Центр напоминал хорошую гостиницу. Спальни в коврах, зал эмоциональной разгрузки, зимний сад, бассейн… Но в первое время все без исключения дети плакали и просились домой. К алкашкам-мамам, пустым холодильникам и грязному тряпью.

Воспитательницы к этому настолько привыкли, что повторяли одни и те же слова::

— Подожди, мама вылечится и придёт.

Попробуй, скажи, что маму лишают родительских прав, и ребёнку отсюда две дороги: в детдом или в приемную семью. Это ж сколько слёз будет!

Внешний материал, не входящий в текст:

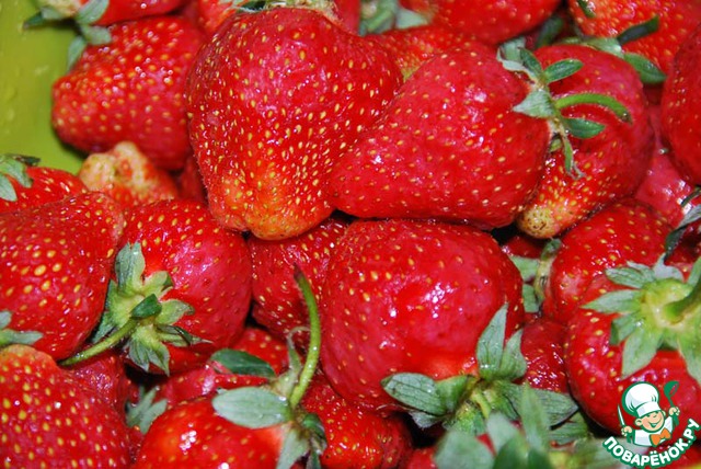 Берём клубнику, ягоды должны быть приблизительно одного размера, свежие, не мятые.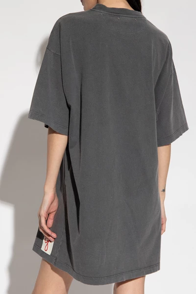 Donkergrijze t-shirtjurk met een vintage effect van Golden Goose. Gemaakt van katoen, dit ontwerp met korte mouwen beschikt over een logo -print, de kenmerkende patch van het merk met rood monogram borduurwerk, metalen ster -applicaties aan de achterkant en geribbelde bemanningslid.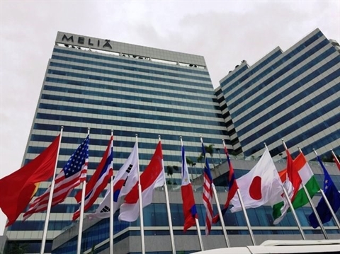 | Façade de l'hôtel Melia Yangon. |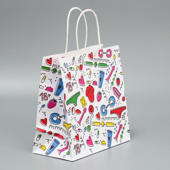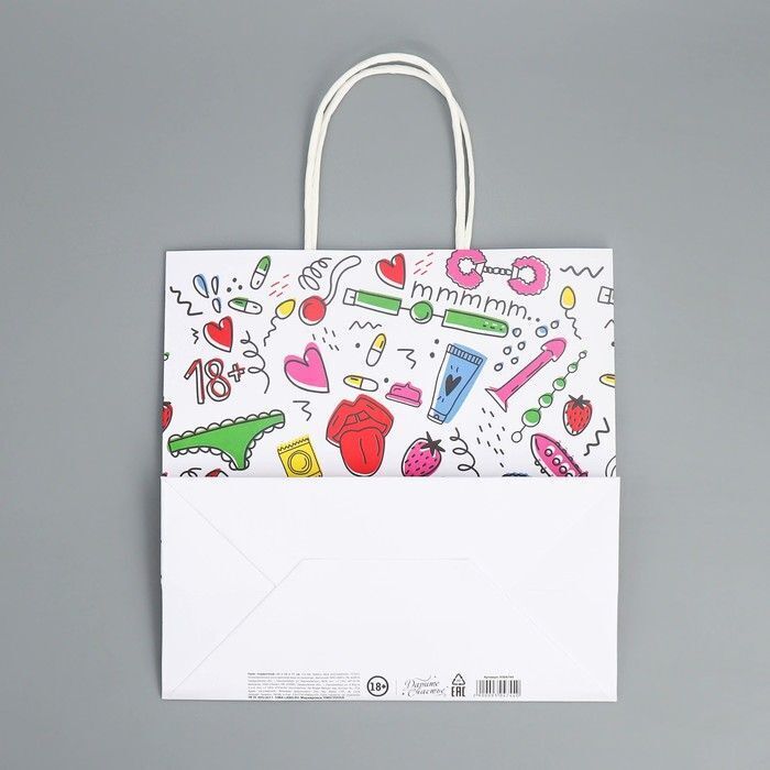 Подарочный пакет «Дарите Счастье» 22×22×11 см, крафт-бумага, яркий принт 18+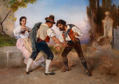 | Italian Peasants Playing Morra and a Peasant Woman with Wine Bottle | |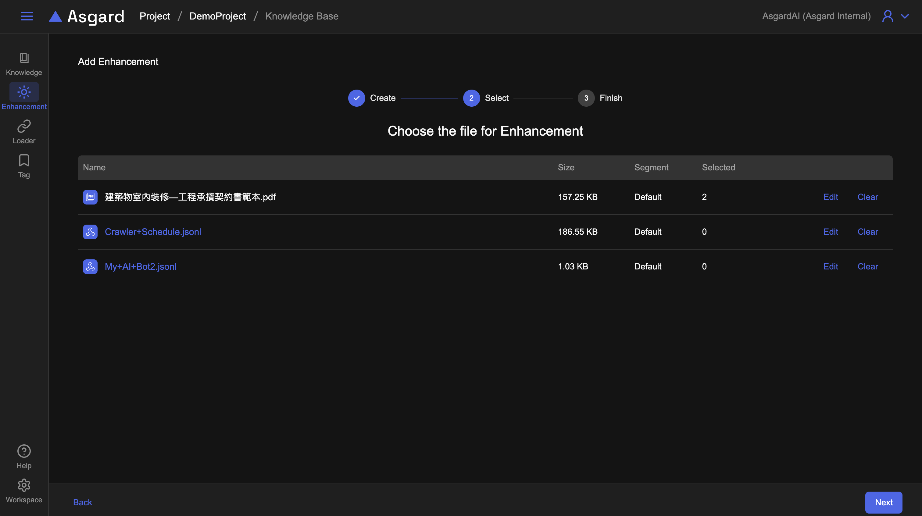 點擊「Add More」可以繼續選擇檔案並勾選,選擇「Next」可以檢視目前新增的概況,下圖為點擊「Add More」的示意圖,會回到檔案清單,此時可以看到剛剛針對了第一個檔案有選擇了 2 個分段要添加 Enhancement。可以繼續編輯或是清除目前勾選的分段。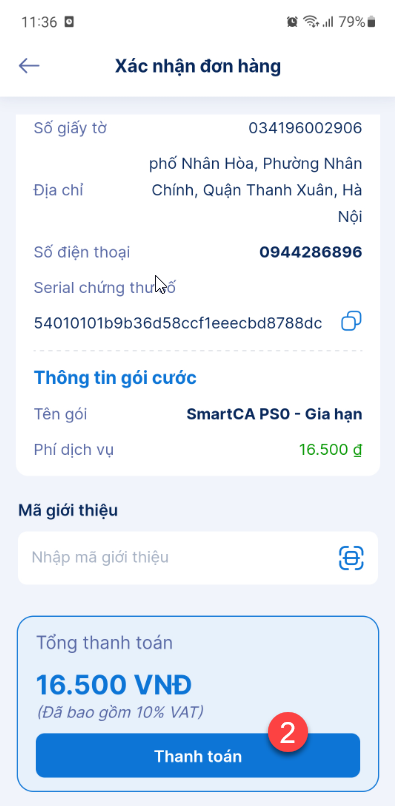 - Lựa chọn gói chứng thư và bấm Thanh toán.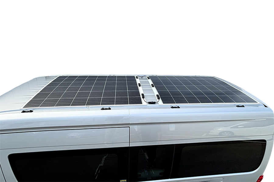 クーラーパッケージプラス2を選択すると、リチウムイオンバッテリー500Ah、インバーター3000W、12Vクーラー専用外部電源口、ポータブルバッテリー電源口、外部電源装置(50Aチャージャー)、100Vコンセント、そして、断熱加工がセットで搭載されます。また、オプションで薄型ソーラーパネル250Wを最大2枚追加することも可能です。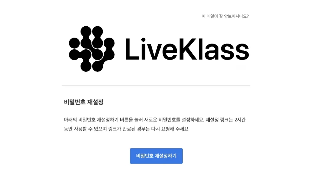 비밀번호 재설정 링크의 유효 시간은 2시간입니다.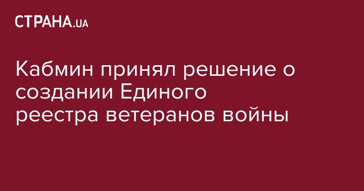 Кабинет министров Украины на заседании 14 августа принял решение о создании Единого государственного реестра ветеранов войны. Об этом сообщает 112.ua.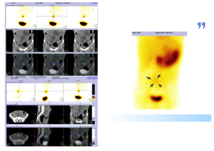 3月6日,从安抚哭闹患儿,到精确注射显像剂、摆放特殊体位、动态采集……每一环节严谨推进。图像清晰显示:彤彤的回肠末端出现异常放射性浓聚灶——正是异位胃粘膜!隐匿多年的病灶终于现形,彤彤被确诊为“麦克尔憩室”。

Воспитательницы, хоть и закалённые, а нервы берегут.


Но зарплата в центре немного выше, чем была бы в школе. Можно снять себе угол.

Тогда Лена и нашла эту квартиру. Хозяева работали на Севере. Жилье находилось на девятом этаже, под самой крышей. Вся лоджия была заставлена цветочными горшками. Пьешь здесь чай — и будто в саду сидишь. Благоухает индийский жасмин, покачивают головками разноцветные петунии, костром горят бархатцы…

Юрий Григорьевич, впервые зайдя к ней в гости, тоже восхитился этим райским уголком:

— Как у вас красиво.

Лена же приглядывалась к необычному соседу. Вероятно, в молодости он был не так хорош: не так чувствовалась порода. Старость подсушила лицо, заострила тонкие черты. На седых волосах — чёрный берет. Стоит на балконе и курит.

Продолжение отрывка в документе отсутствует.